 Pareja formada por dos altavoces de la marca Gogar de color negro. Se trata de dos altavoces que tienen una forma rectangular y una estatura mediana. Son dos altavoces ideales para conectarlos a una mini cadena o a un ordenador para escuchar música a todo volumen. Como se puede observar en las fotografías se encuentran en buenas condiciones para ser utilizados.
============================================================
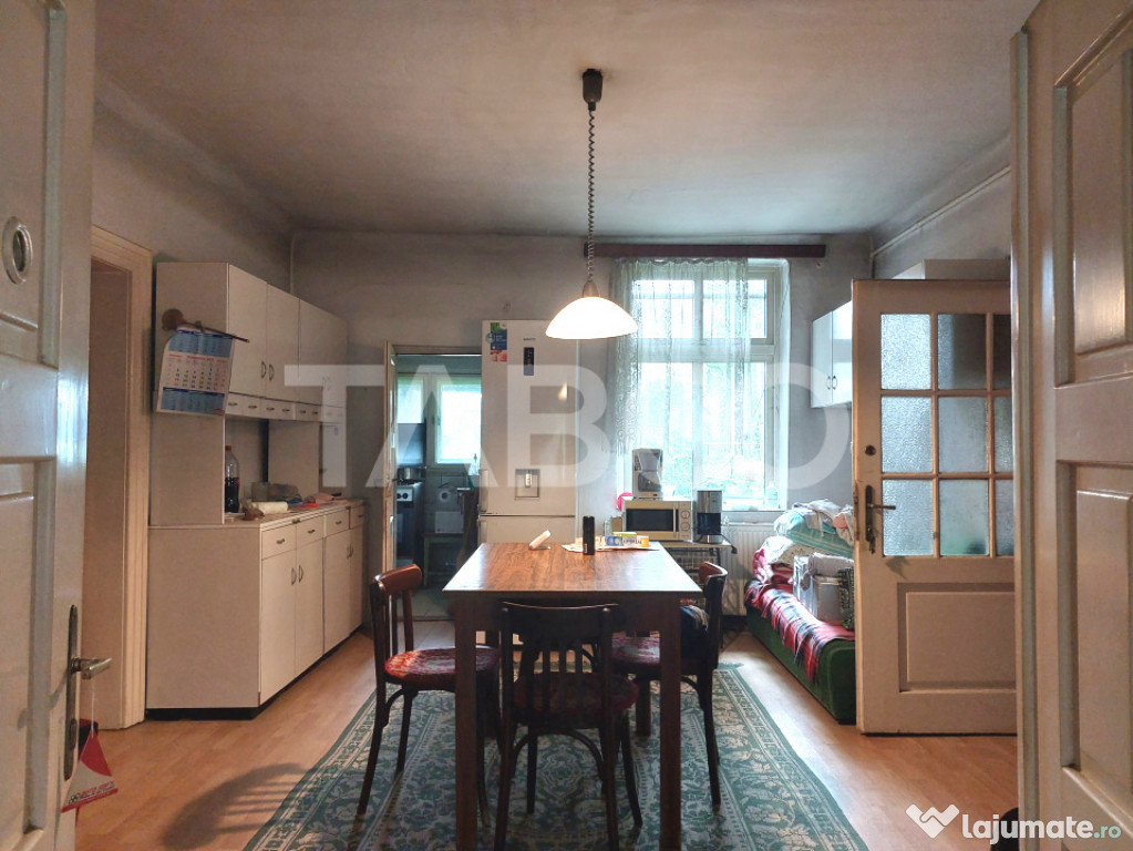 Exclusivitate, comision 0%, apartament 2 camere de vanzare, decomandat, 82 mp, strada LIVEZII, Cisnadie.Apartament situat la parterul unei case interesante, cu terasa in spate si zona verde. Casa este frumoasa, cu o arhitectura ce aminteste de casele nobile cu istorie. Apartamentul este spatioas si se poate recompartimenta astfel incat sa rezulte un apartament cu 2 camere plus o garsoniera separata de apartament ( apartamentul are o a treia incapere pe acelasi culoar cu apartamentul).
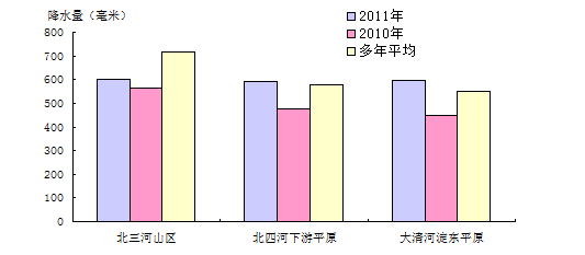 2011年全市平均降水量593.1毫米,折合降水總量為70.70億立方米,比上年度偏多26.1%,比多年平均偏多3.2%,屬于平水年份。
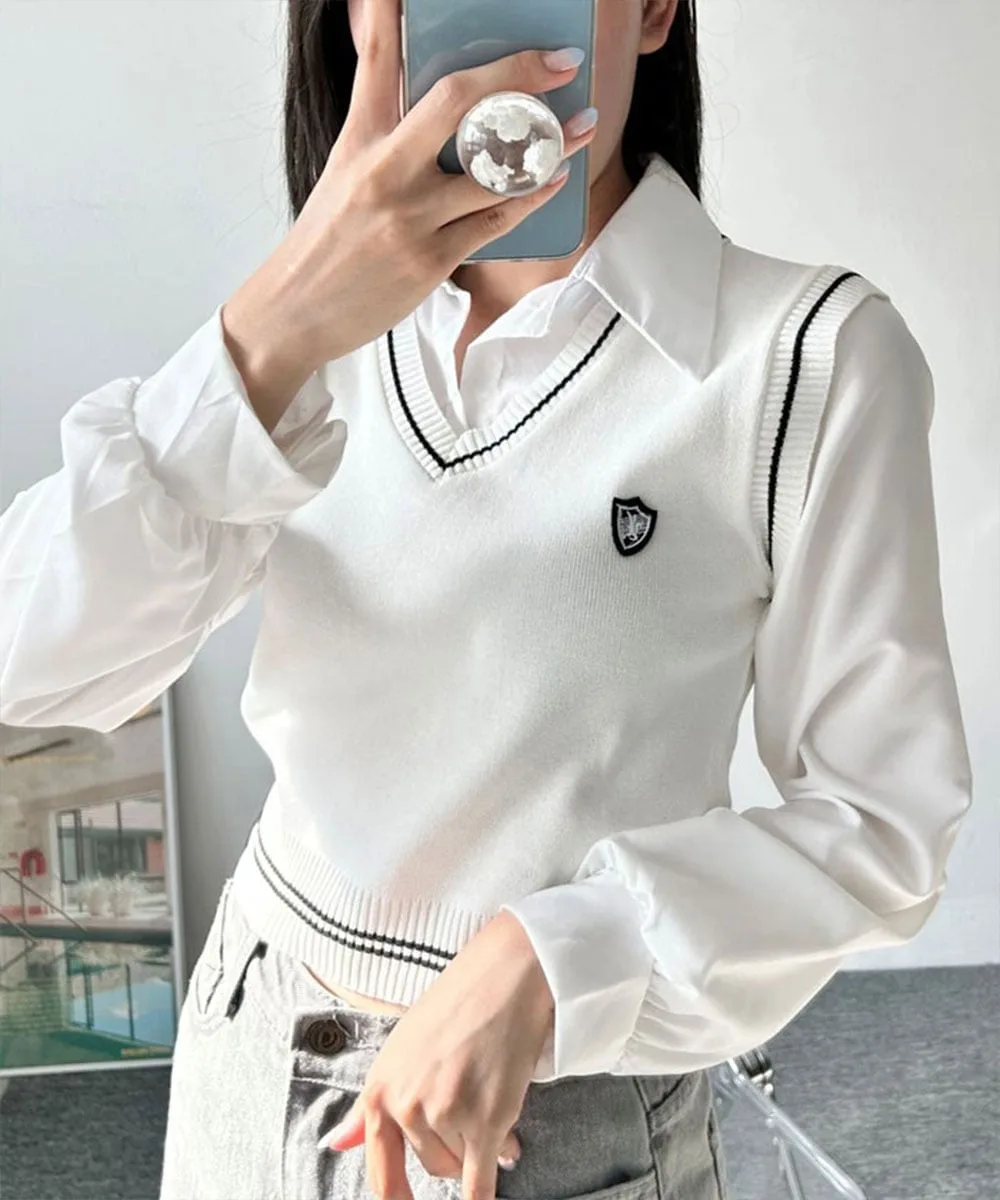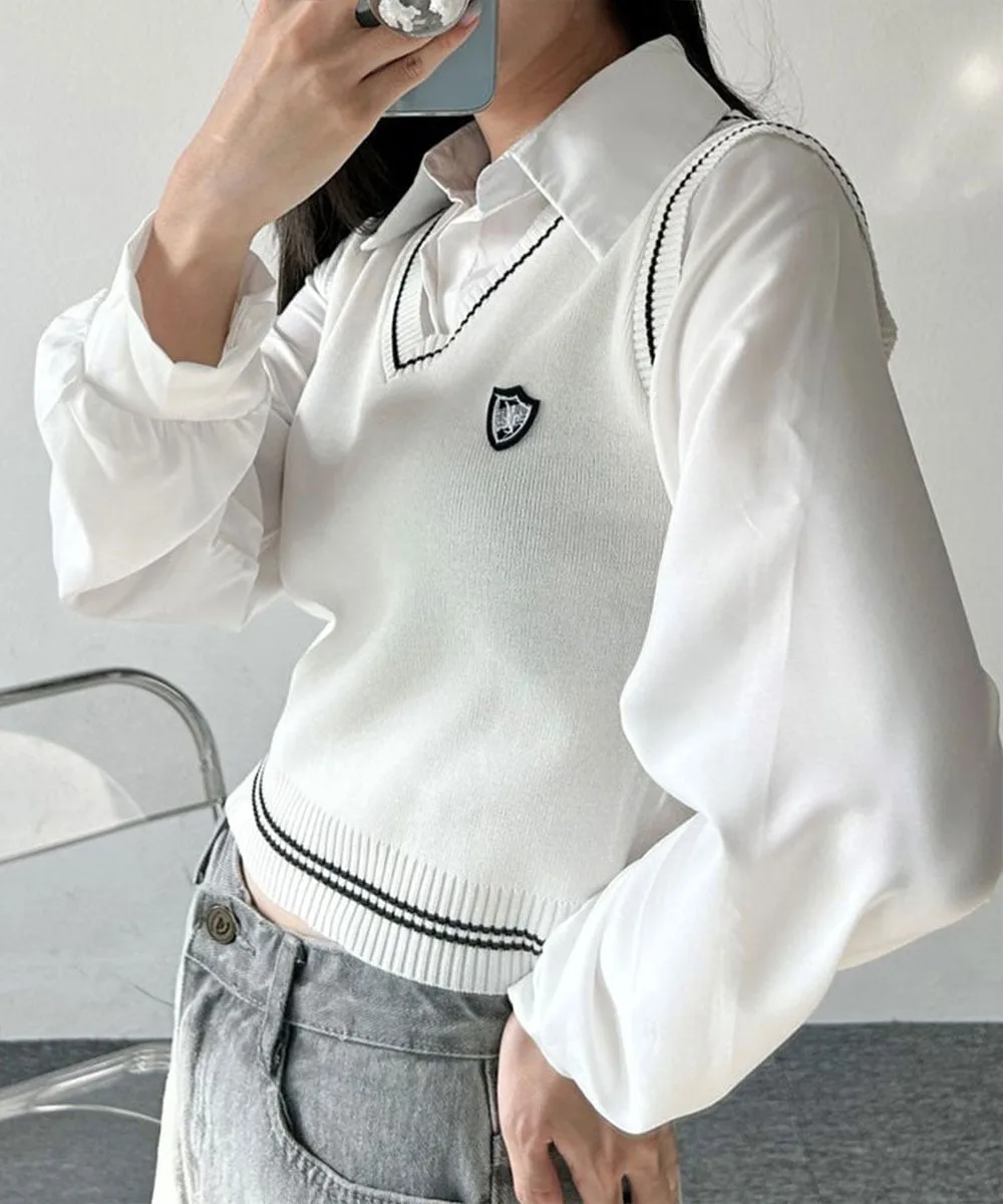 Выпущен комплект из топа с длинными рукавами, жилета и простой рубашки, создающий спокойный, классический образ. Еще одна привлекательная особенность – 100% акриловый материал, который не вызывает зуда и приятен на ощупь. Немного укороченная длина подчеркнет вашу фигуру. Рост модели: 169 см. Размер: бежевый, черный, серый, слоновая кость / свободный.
============================================================
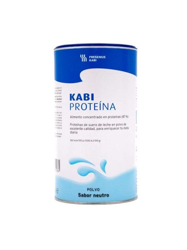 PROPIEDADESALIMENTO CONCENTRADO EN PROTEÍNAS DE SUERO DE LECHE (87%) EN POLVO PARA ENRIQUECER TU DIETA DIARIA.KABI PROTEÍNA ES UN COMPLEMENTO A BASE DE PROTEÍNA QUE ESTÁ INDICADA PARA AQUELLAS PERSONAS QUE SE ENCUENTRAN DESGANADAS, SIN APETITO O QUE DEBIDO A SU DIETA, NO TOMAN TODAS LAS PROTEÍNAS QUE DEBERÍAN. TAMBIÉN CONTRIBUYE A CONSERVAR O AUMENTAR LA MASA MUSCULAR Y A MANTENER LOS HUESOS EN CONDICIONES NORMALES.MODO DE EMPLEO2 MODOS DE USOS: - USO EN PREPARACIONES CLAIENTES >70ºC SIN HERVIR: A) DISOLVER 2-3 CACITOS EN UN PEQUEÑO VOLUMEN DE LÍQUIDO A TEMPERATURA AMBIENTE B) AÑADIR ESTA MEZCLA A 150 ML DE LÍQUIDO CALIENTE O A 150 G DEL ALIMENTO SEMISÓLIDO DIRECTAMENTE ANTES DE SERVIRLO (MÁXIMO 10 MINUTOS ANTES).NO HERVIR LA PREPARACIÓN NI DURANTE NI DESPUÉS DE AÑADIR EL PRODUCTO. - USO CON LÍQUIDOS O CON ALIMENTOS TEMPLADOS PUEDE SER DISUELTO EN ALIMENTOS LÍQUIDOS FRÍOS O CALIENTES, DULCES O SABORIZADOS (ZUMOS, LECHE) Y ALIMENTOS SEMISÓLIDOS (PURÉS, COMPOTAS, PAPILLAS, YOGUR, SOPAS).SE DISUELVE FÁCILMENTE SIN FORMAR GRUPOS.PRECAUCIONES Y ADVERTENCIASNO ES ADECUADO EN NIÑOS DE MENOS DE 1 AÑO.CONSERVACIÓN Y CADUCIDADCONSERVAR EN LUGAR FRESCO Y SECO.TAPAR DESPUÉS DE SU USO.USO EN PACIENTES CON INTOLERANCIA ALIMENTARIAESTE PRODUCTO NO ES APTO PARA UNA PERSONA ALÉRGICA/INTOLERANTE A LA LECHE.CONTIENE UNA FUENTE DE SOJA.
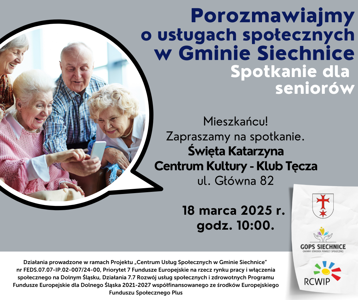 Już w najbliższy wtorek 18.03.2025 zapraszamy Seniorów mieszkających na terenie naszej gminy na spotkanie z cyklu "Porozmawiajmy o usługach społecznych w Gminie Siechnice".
============================================================
■ **Task instructions**
Repeat exactly the stretch of the listing above that starts with the line holding "2011年全市平均降水量59" and finishes with the line holding "Выпущен комплект из", both included. Skip every picture.

■ **Result**
 2011年全市平均降水量593.1毫米,折合降水總量為70.70億立方米,比上年度偏多26.1%,比多年平均偏多3.2%,屬于平水年份。
 Выпущен комплект из топа с длинными рукавами, жилета и простой рубашки, создающий спокойный, классический образ. Еще одна привлекательная особенность – 100% акриловый материал, который не вызывает зуда и приятен на ощупь. Немного укороченная длина подчеркнет вашу фигуру. Рост модели: 169 см. Размер: бежевый, черный, серый, слоновая кость / свободный.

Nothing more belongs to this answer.